Gibt es sicherere Systeme?
Es gibt auch Systeme, die automatisch schließen, die also nicht von den Passagieren bedient werden müssen. Die aber, sagt Schulten, hätten durchaus auch Nachteile zum Beispiel für behinderte Sportler.

Generell seien Liftanlagen wie der Schneewittchenlift sehr sicher, da es sich um eine sogenannte kuppelbare Bahn handele. Das bedeutet, dass die Gondeln beim Einfahren in die Berg- und Talstation in eine andere Führung gleiten und dort im Vergleich zum Rest der Strecke deutlich langsamer fahren. „Fast alle Anlagen im Skiliftkarussell sind solche kuppelbaren Lifte, und die gelten als besonders sicher“, betont Schulten. Benutzt werden darf der Schneewittchenlift von Kindern ab drei Jahren, jedoch von diesen nur in Begleitung eines Erwachsenen.


Was sagt der Betreiber?

„Ich hoffe, dass die Verletzungen nicht so schlimm sind“, hatte Christoph Klante, der Betreiber des Schneewittchenlifts, am Montag gesagt. „Wir haben dem Vater Genesungswünsche für seine Tochter übermittelt und er hat sich dafür bedankt.“

Klante war nicht in der Nähe, als sich das Unglück ereignete. Mitarbeiter erzählten es ihm. „Demnach war es so, dass das Mädchen hinter dem Zutrittsbereich aus dem Lift gerutscht ist.“ Wie es dazu kam, ist auch Klante noch nicht klar. „Technisches Versagen lag nicht vor. Die Anlage wird mehrmals im Jahr geprüft, einmal im Jahr vom TÜV, immer kurz vor der Saison.“ Das war also demnach erst vor wenigen Wochen der Fall.

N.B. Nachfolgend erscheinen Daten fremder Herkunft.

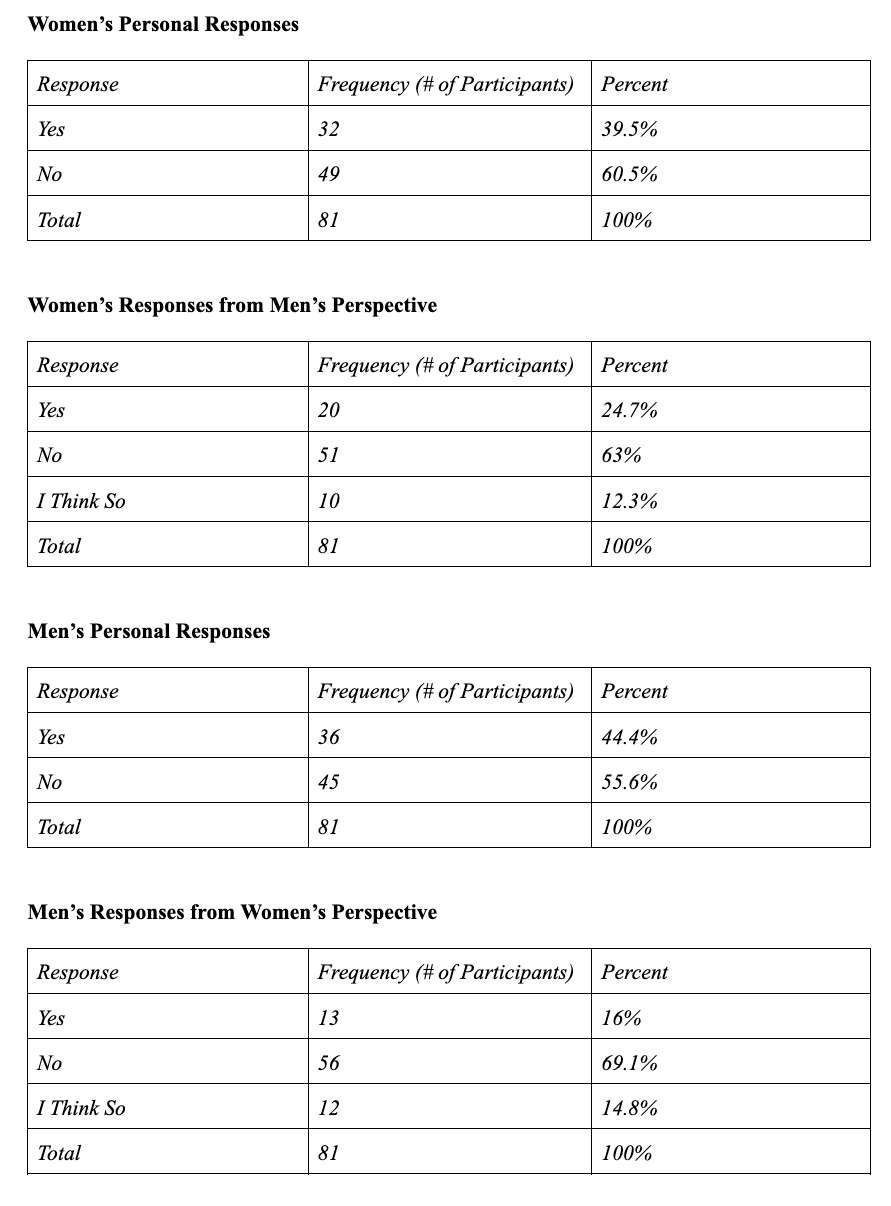 With all the proper consent forms, we created and sent out a survey asking for pairs of male-female platonic friends to respond. It was entirely anonymous. Pairs created a codeword only they two of them would know, and submitted it with their responses. This codeword is how we paired the two individuals together in our data. In total, we had 222 respondents. In this survey, we asked responders to complete a series of questions twice, once from their personal perspective, and the other time from what they believed their friend’s perspective was. Sample questions included:

Der Schließbügel des Schneewittchenlifts verriegele, wenn er einmal richtig verschlossen sei, sagt Klante: „Dann kann man ihn auf der Fahrt nicht mehr öffnen.“

Wintersport zurzeit an neun Liften möglich

Das Skifahren im Großraum Winterberg ist momentan nur eingeschränkt möglich. Lediglich neun Lifte sind zurzeit in Betrieb, bei manchen Anlagen laufen nur die Förderbänder. Aber die Liftbetreiber sind optimistisch, dass am Wochenende wieder beschneit werden kann. Die Temperaturen sollen sinken.